哲学カフェ “問答連” 第五期

―今年最後の哲学カフェです―


第5回 <差別ごころ>からの<自由>を

中島 勝住 さん(ゲスト )

9月28日(土)2時から4時までの予定です。




 差別に関して明らかなことは、差別される側が初めから存在することはないということです。差別される側は、差別する側が差別する対象を極めて恣意的に創り出すことによって初めて顕現します。つまり、差別という問題は、差別する側次第なのです。

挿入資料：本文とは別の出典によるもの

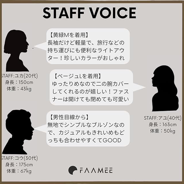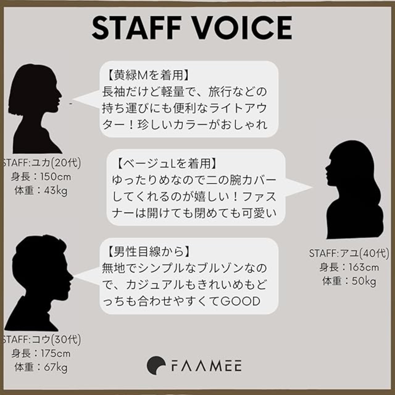 軽量でコンパクトなので旅行やアウトドアなどのお出掛けの羽織りものとしても便利です。 無地&シンプルでなんにでも合わせやすいので着回ししやすく、おしゃれ着からデイリー使いまで幅広くお使いいただけます。 ファスナー付きの前開きでゆとりのあるアイテムなので体型カバーもしてくれますし、妊娠初期の妊婦さんのマタニティウェアとしてもおすすめです。
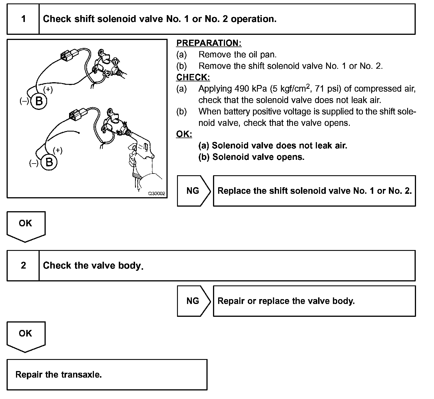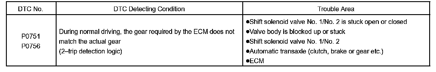 HINT: Check the shift solenoid valve S1 when DTC P0751 is output and check the shift solenoid valve S2 when DTC P0756 is output.
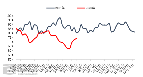 隆眾資訊統計,2020年上半年純堿整體產(chǎn)量1365.44萬(wàn)噸,2019年產(chǎn)量1400.32萬(wàn)噸,同比減少34.88萬(wàn)噸,下降2.49%。2020年上半年純堿整體開(kāi)工率72.99%,2019年開(kāi)工率84.57%,同比下降11.58%,主要原因在于部分企業(yè)減量生產(chǎn),裝置檢修,另外部分裝置長(cháng)期停車(chē),當前包含甘肅金昌、湖南湘潭、江蘇中海華邦、江蘇德邦、遼寧大化、內蒙古蘇尼特。

この明らかさにもかかわらず、私たちは、差別される存在が、あたかも、いつでも差別されることを待っているもの、であるかのように考えている節があります。この浅薄な心性が、差別問題を考える際に大きな混乱をもたらしています。それは、「差別されても当然」といったもの言いに代表されるでしょう。こうした差別する存在とその行為を覆い隠してしまうような無定見な勘違いがある限り、「差別問題の解決は国民的課題」であると幾度となえても、解決には程遠いでしょう。

 私たちにとって居心地の悪い自己認識、つまり、差別は私たちが起こしているのであって、その可能性は誰もが持っているのだという地点に立つ必要があると思います。ありきたりですが、差別問題は「ジブンゴト」なのです。逆に言えば、だからこそ、解決の可能性も大きいとも言えるでしょう。これがタイトルの意味するところです。